• EXERCISE DIRECTIONS: From the line containing "Jersey de algodón" to the line containing "空氣經加熱凈化后,由引風機從" in the entries below, reproduce every line exactly, ends included. Nothing else belongs in the copy, and no pictures.

• EXERCISE DATA:
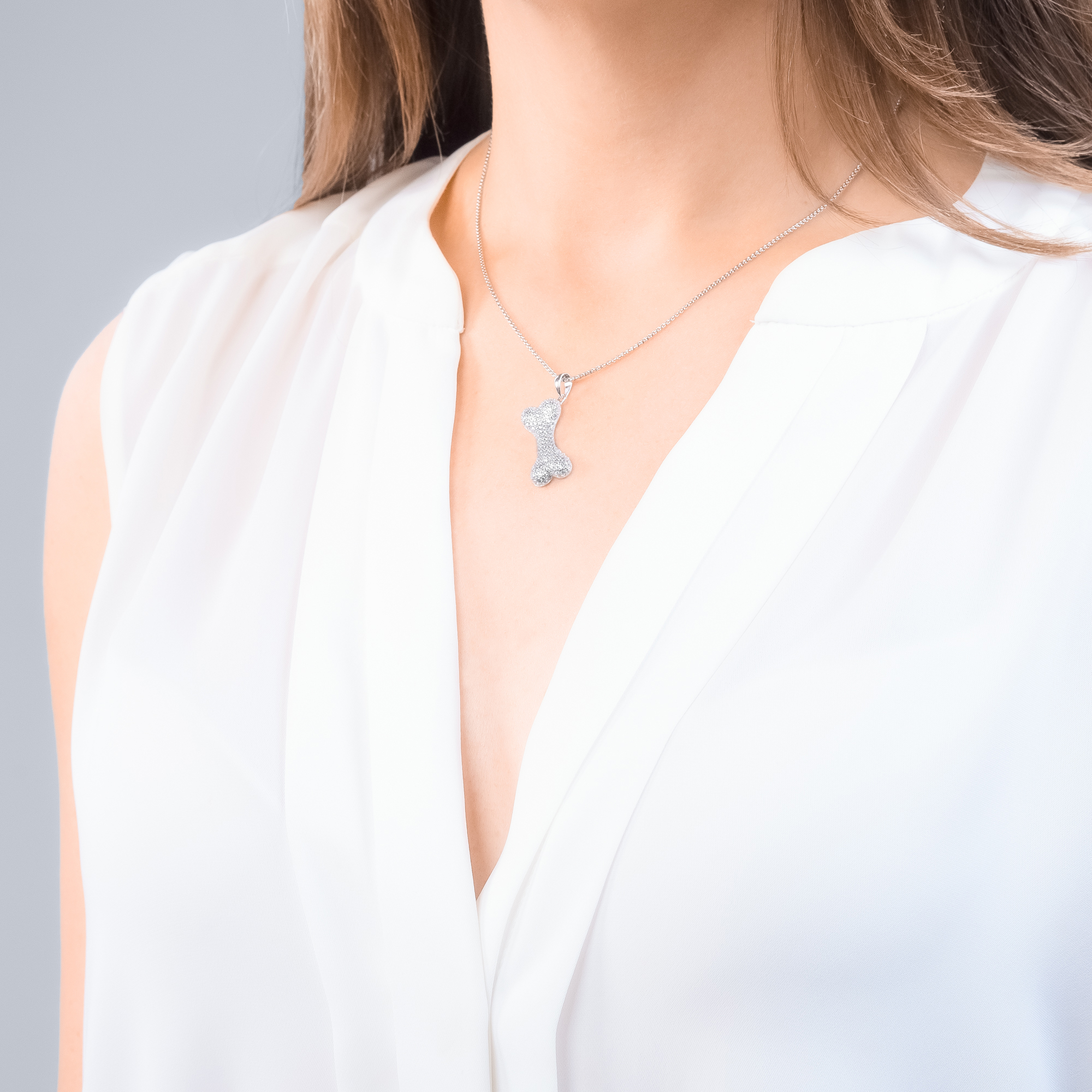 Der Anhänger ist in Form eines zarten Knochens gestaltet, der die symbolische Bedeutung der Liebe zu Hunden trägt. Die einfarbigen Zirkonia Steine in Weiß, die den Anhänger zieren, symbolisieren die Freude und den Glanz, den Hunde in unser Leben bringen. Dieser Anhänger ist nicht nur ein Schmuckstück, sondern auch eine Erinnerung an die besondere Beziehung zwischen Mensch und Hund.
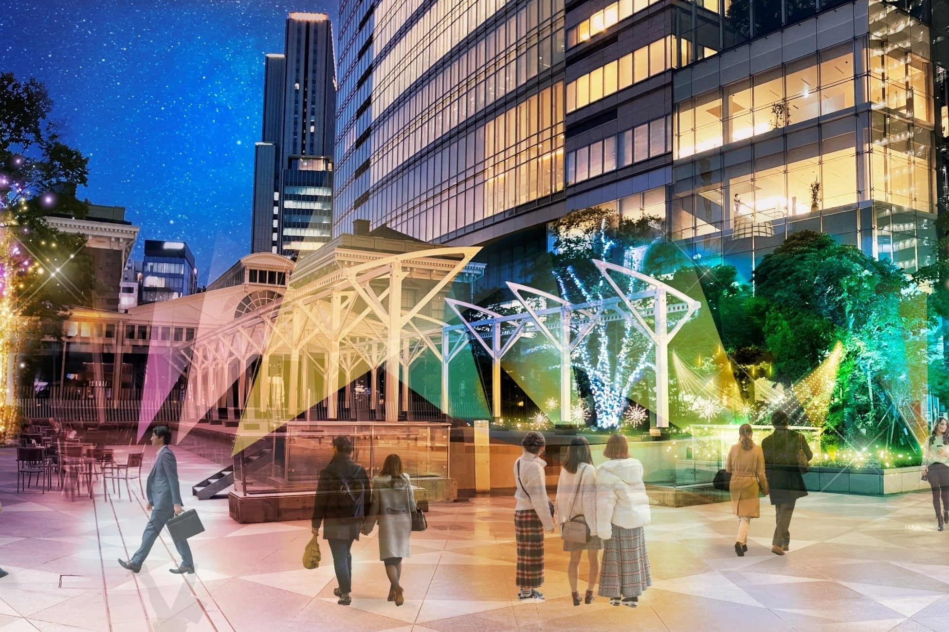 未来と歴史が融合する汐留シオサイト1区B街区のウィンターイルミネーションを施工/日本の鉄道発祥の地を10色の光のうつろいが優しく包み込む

--

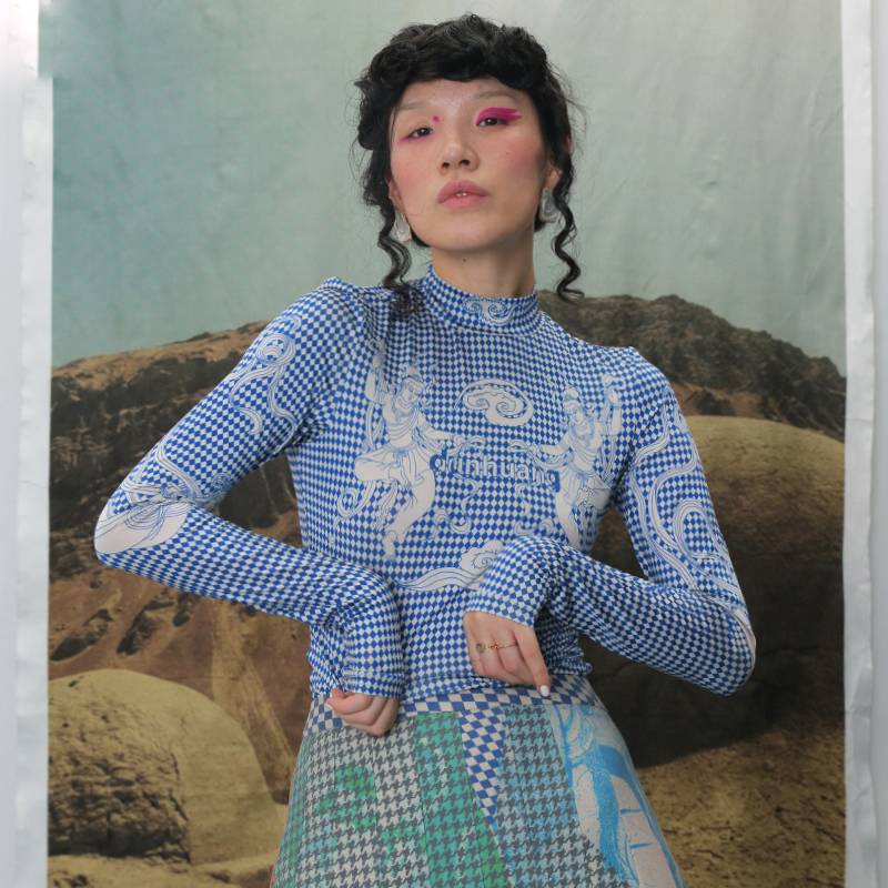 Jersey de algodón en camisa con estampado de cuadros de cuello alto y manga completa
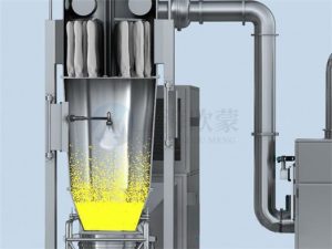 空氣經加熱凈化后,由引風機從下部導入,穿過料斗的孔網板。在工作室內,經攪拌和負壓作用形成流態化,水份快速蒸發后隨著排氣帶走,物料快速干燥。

• ANSWER BOX:
 Jersey de algodón en camisa con estampado de cuadros de cuello alto y manga completa
 空氣經加熱凈化后,由引風機從下部導入,穿過料斗的孔網板。在工作室內,經攪拌和負壓作用形成流態化,水份快速蒸發后隨著排氣帶走,物料快速干燥。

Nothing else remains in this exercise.